[Given data]
* * * * * * *
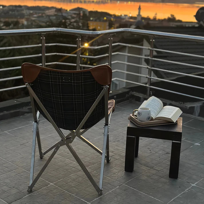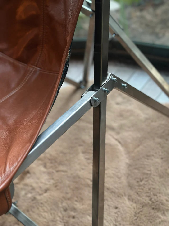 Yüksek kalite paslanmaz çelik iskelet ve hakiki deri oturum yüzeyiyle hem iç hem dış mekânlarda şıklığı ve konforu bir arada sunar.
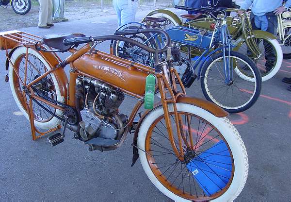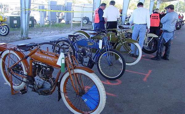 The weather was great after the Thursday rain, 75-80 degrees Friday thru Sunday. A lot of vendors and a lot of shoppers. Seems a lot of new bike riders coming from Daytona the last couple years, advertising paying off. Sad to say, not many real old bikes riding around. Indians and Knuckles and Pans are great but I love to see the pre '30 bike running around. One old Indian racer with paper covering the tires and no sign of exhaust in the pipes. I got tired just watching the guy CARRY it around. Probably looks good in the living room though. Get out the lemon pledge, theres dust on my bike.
* * * * * * *
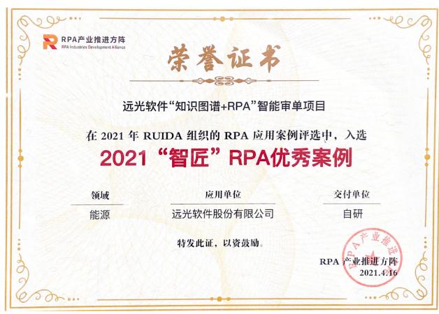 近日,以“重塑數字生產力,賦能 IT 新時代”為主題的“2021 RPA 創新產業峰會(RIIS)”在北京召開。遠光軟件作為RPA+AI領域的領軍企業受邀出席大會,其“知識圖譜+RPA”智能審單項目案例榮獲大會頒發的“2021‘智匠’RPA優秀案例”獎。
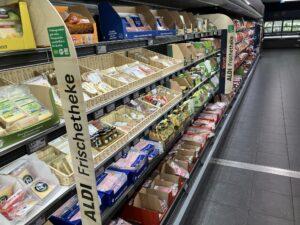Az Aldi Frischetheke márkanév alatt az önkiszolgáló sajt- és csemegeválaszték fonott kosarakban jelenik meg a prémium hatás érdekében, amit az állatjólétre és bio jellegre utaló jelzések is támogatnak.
* * * * * * *
[Directions for this task]
Would you output only the span of the records above that opens with the line containing "Yüksek kalite paslanmaz" and closes with the line containing "The weather was", ends included and pictures dropped?

[Result of the task]
 Yüksek kalite paslanmaz çelik iskelet ve hakiki deri oturum yüzeyiyle hem iç hem dış mekânlarda şıklığı ve konforu bir arada sunar.
 The weather was great after the Thursday rain, 75-80 degrees Friday thru Sunday. A lot of vendors and a lot of shoppers. Seems a lot of new bike riders coming from Daytona the last couple years, advertising paying off. Sad to say, not many real old bikes riding around. Indians and Knuckles and Pans are great but I love to see the pre '30 bike running around. One old Indian racer with paper covering the tires and no sign of exhaust in the pipes. I got tired just watching the guy CARRY it around. Probably looks good in the living room though. Get out the lemon pledge, theres dust on my bike.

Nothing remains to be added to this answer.